Apartó el café y se acercó a la despensa. Encontró una botella de vino blanco abierta. Le sorprendió encontrarla en una nave militar, pero no le dio muchas vueltas. Se sirvió una copa y volvió a la butaca. Se recostó y comenzó a beber despacio de la copa, sabía que no debería hacerlo, pero en ese momento no le importaba. La música la relajaba, no sabía que era pero la hacía sentirse bien. Cerró los ojos y se dejó llevar. El tiempo comenzó a pasar, despacio, copa tras copa. Tendría que preguntarle a Walth que era aquello que sonaba. La hacía sentirse bien, en una extraña paz. Pronto le pareció incluso sentir los brazos de Roger rodeándola, su cálido aliento en el oído… y entonces una voz la sobresaltó.

-¿Bebiendo en horas de servicio, muermo? – le susurró Alice al oído.

Maya dio un respingo, derramando parte de la copa sobre la mesa, mientras se apartaba hacia un lado. Tras ella Alice trataba de contener la risa.

-Mierda Alice… ¿¡Por qué no te vas a joder a otro!? Seguro que tienes un par de voluntarios.

-Te sorprendería saber que puedo llegar a querer un descanso tras… – bromeó

-Ahórrame los detalles por favor. ¿Qué coño quieres?

-Necesito un favor – dijo entonces adoptando un tono de seriedad – es muy importante.

-¿Un favor? – Maya no podía creérselo

-Se que no te gusto una mierda, y tu a mi tampoco te creas que me apasionas, pero esto es importante. – Explicó Alice

-Bien, habla – gruño Maya entre deseos de echarla de una patada

-Necesito que entres en la red personal de Saunders…

-¡¿Te has vuelto loca?! – Respondió incrédula – No, es cierto… siempre lo has estado…

-Cállate un segundo.

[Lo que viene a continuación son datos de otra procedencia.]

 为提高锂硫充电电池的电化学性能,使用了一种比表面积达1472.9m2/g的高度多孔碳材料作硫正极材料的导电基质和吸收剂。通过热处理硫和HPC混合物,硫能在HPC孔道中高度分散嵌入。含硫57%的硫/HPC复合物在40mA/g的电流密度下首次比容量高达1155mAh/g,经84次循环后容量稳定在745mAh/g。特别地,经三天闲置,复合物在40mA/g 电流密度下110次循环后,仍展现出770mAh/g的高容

Sé lo que pasaría si nos cogen, pero es importante. ¡Tú misma viste el video! Cualquiera que no esté ciego sabe que no buscamos a una civil. Y ese “comando de apoyo”… Saunders nos ha tirado al pozo sin decirnos que hay en el fondo, y creo que piensa en cortarnos la cuerda. ¡Necesitamos saber a qué nos vamos a enfrentar! Y odio admitirlo… pero sin ti no puedo hacerlo.

Maya se quedó en silencio. Aquella chiflada tenía razón, todo aquello había olido a podrido desde el principio. Apenas tenían información, y lo que Saunders les envíaba era un puñado de los mercenarios con un largo historial de masacres a sus espaldas. Odiaba admitirl, pero aquello era algo que debería habersele ocurrido a ella.

-Mierda… lo haré

De pronto Alice saltó hacia ella abrazándola.

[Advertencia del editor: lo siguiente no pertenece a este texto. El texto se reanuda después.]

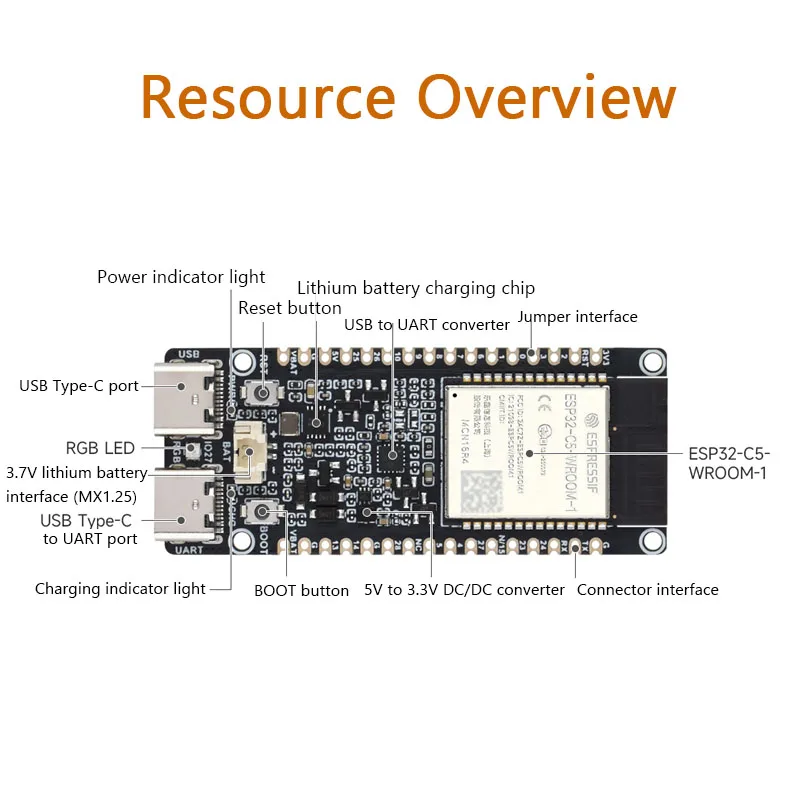 ESP32-C5-WIFI6-KIT-N16R8 ESP32-C5 Development Board ESP32-C5-WROOM ESP32 C5 Dual Wi-Fi 6 16MB Flash for ESP-IDF Arduino RISC-V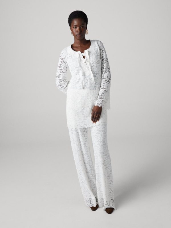 - Unlined long sleeves with scalloped edges

-Creía que no lo harías – susurró sonriendo

-No me tientes – gruñó inquieta Maya

-¿Sabes? No entiendo que malgastes este cuerpazo en un tipo al que apenas ves – dijo desplazando su mano izquierda hasta acariciarle la nalga.

-¡Mierda Alice! He dicho que trabajaré contigo… ni siquiera que me caigas bien – se quejó Maya mientras la empujaba apartándola

-De acuerdo – respondió sonriendo burlona – Pero si cambias de opinión… ya sabes dónde estamos.

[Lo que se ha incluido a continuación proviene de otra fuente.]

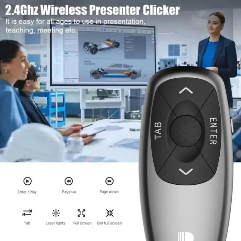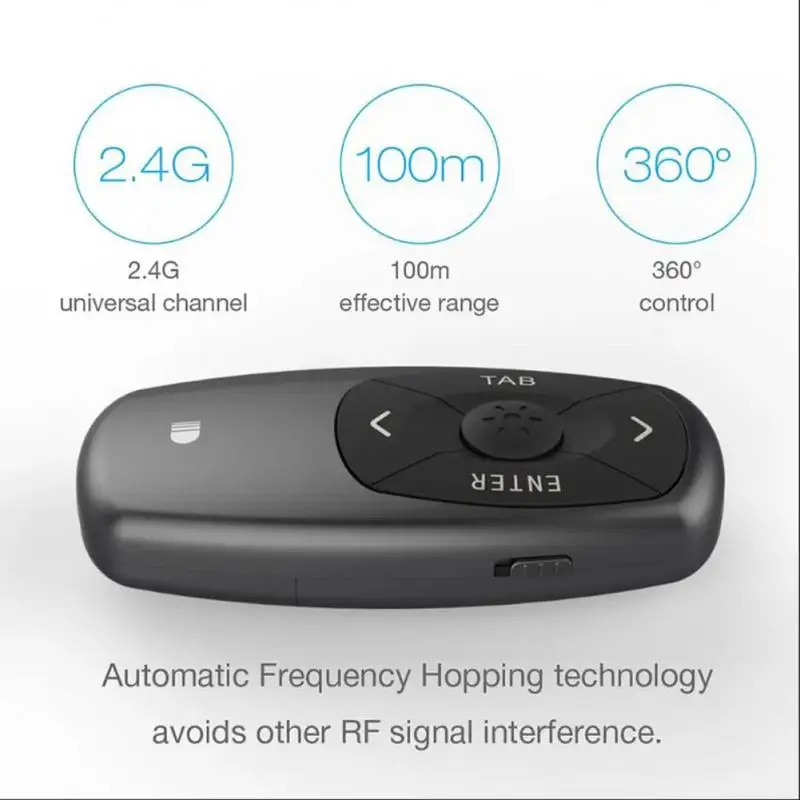 Mini presentador inalámbrico de 2,4 GHz, Clicker, puntero PPT, controlador remoto, volumen de giro, bolígrafo abatible de suspensión automática para presentación de Powerpoint

Mientras se daba la vuelta y abandonaba la sala, Maya se volvió a sentar en la butaca y se llenó la copa de nuevo hasta arriba. Aun no había llegado a rozar el cristal con los labios cuando Alice se detuvo, y se dio la vuelta.

-No sabía que tenías tan buen gusto musical – comentó haciendo un gesto de aprobación, antes de volver a darse la vuelta y marcharse.

Maya sorbió un trago antes de decirse para sí “yo tampoco”. Volvió a recostarse y a cerrar los ojos disfrutando de la bebida y la música. No iba a tener mucho más tiempo para relajarse a partir de ahora.